At some point the Revolution stopped Cuba’s history. Those who were 20 at that time, kept on living the same way day after day in a loop. Time went by through the world, but all those people like my mother and grandmother grew old here, if they could not escape. Cuba deceived them and now their lives are gone.

I was also thinking about my 60-year-old aunt. She lived in a country house falling apart, in Artemisa province, until my cousin took her to Miami. I imagine her face on the plane during the landing. Miami from the sky looks like another galaxy, a new world, an amazing thing. She hasn’t got used to the number of lights or the speed of the expressway. She is still a country person.

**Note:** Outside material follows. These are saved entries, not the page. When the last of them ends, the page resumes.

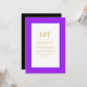 Convite moderno de casamento simplista em sotaques de azul, roxo, ouro e preto personalizáveis para seus detalhes de evento.
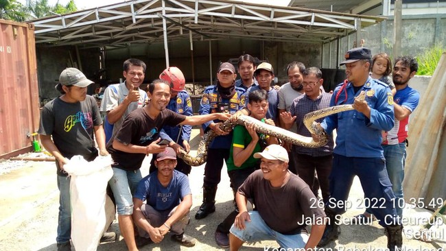 Dia mengatakan petugas melakukan evakuasi ular dengan sejumlah peralatan. Ular kemudian dievakuasi dari gudang itu setelah 1 jam.
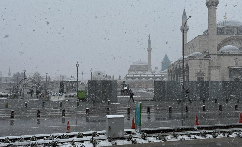 Meteorolojinin karla karışık yağmur tahmini Konya'da kendini gösterdi. Öğle saatlerinde başlayan kar yağışı, özellikle şehir merkezinde aralıklarla yoğunlaşarak devam etti. Araçların üzeri, parklar, kaldırımlar ve çatılar beyaz örtüyle kaplanırken, zemin kar tutmadı.
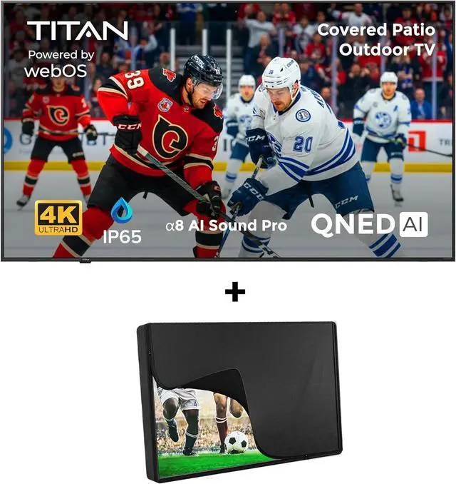 Titan L100 QNED 65 Inch Outdoor TV, Covered Patio, IP65 Smart Weatherproof TV, 4K HDR, 60 Hz, WebAI OS, Wi-Fi 5,Dolby Digital, Outdoor TV Cover, Slim Bezel, 2Yr Wty
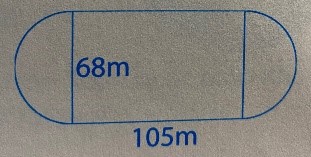 – Diện tích sân bóng bằng = Diện tích hình tròn có đường kính 68m + diện tích hình chữ nhật
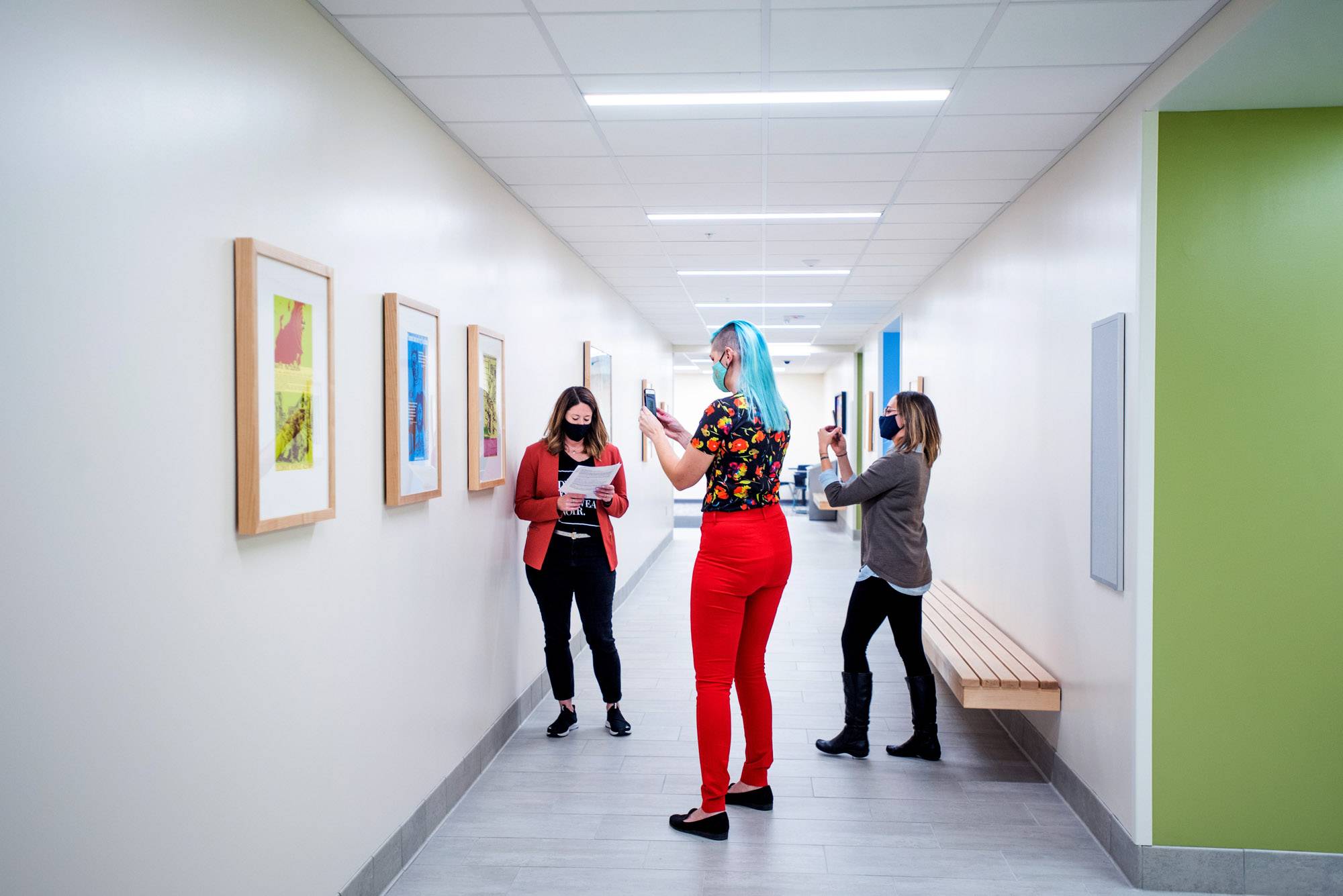 Bottom center: south stairwell featuring work by Brad Walworth; 2019.62.2.
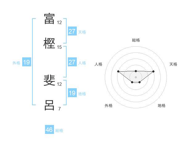 富樫 斐呂さんの総格は46画の1点!
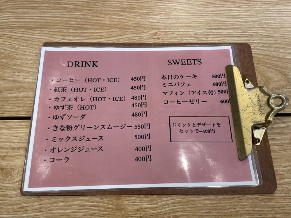 ランチメニューだけではなく、ドリンクやスイーツをそれぞれ単品(各500円前後)で注文することも。ランチのセットにはないドリンクメニューもありますよ。
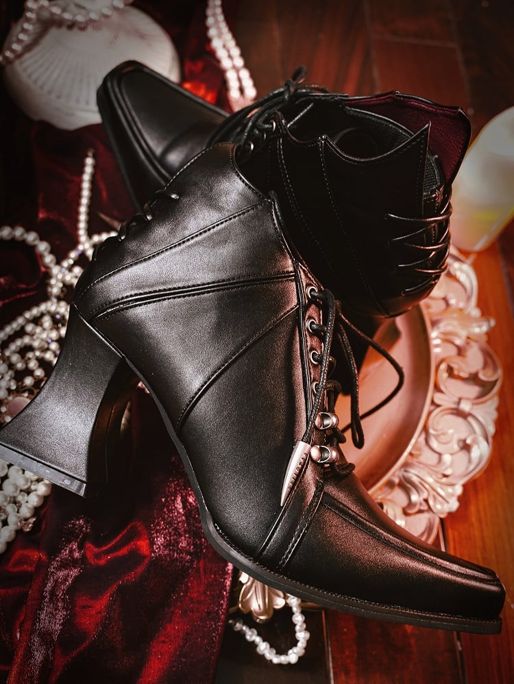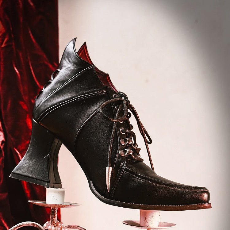 レースアップブーツ ゴシックタイフロント ワイングラス型 ブラックヒール

Her house is big, with a lake and stuff, but she keeps longing for the other one. My aunt saves money from time to time and goes to Colombia or New York for a weekend. She doesn’t know France, but already knows what tacos taste like. She has learned to buy without cash and knows what Rabanne smells like. For years now she hasn’t waited in a line. My aunt is taking advantage of the time. My mother and grandmother won’t be able to do that if I don’t hurry.

The woman with the varicose legs looks in through the door of the pharmacy and asks for medicinal soap. She buys nothing and goes up the street. Then it is my turn. There are two clerks. The one assisting me takes a long time to find the cipro on the shelves. The other one is on the phone all the time. There is rock and roll on the radio Iguess. I get the two blisters and pay.

“Do you know when the ciprofloxacin will be supplied again?”

-No idea.

On my way home, in the Wi-Fi park, the “Grandparents club” practices Tai Chi, formed in a square. They move slowly, at the pace indicated by the trainer. My grandmother doesn’t have time for those things. At 80 years old she gets up every day to wash clothes for money. She cannot live at that slow pace. Her pension or the little money we can give her are not enough to make ends meet. She doesn’t have any guarantees or security. Not a single penny saved. She has been working since she was a child, but her work wasn’t worth anything.

It is scary to think of growing old in this country.